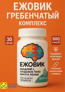 Ежовик Гребенчатый капсулы и бакопа Монье — натуральный БАД для мозга и памяти, который поддерживает когнитивные функции, улучшает внимание и концентрацию, а также повышает жизненную энергию.
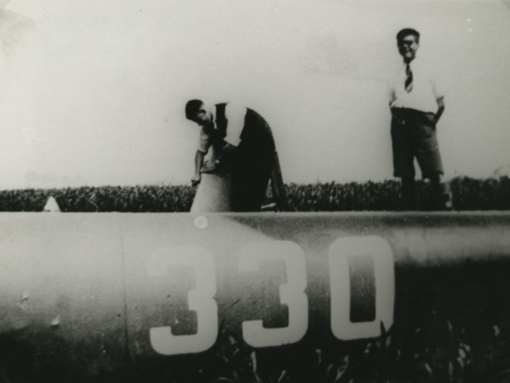 Foto twee jongens op staartstuk Fokker G-1 330 na no...
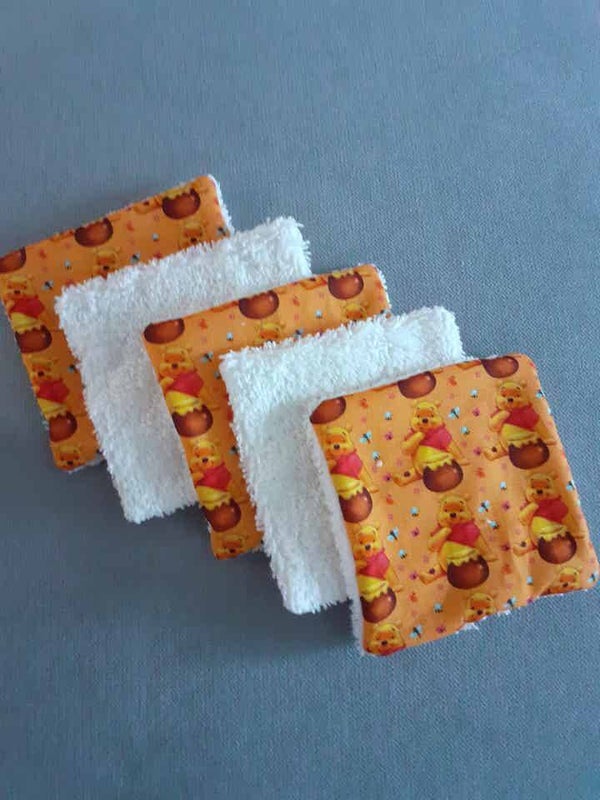 Les lingettes mesurent environ 10x10 cm, un coté tissus coton, un coté éponge et passent facilement en machine.

■ Aim of the task ■
Each line of the data must be restated exactly, and the pictures must be left out.

■ Solution to the problem ■
 Ежовик Гребенчатый капсулы и бакопа Монье — натуральный БАД для мозга и памяти, который поддерживает когнитивные функции, улучшает внимание и концентрацию, а также повышает жизненную энергию.
 Foto twee jongens op staartstuk Fokker G-1 330 na no...
 Les lingettes mesurent environ 10x10 cm, un coté tissus coton, un coté éponge et passent facilement en machine.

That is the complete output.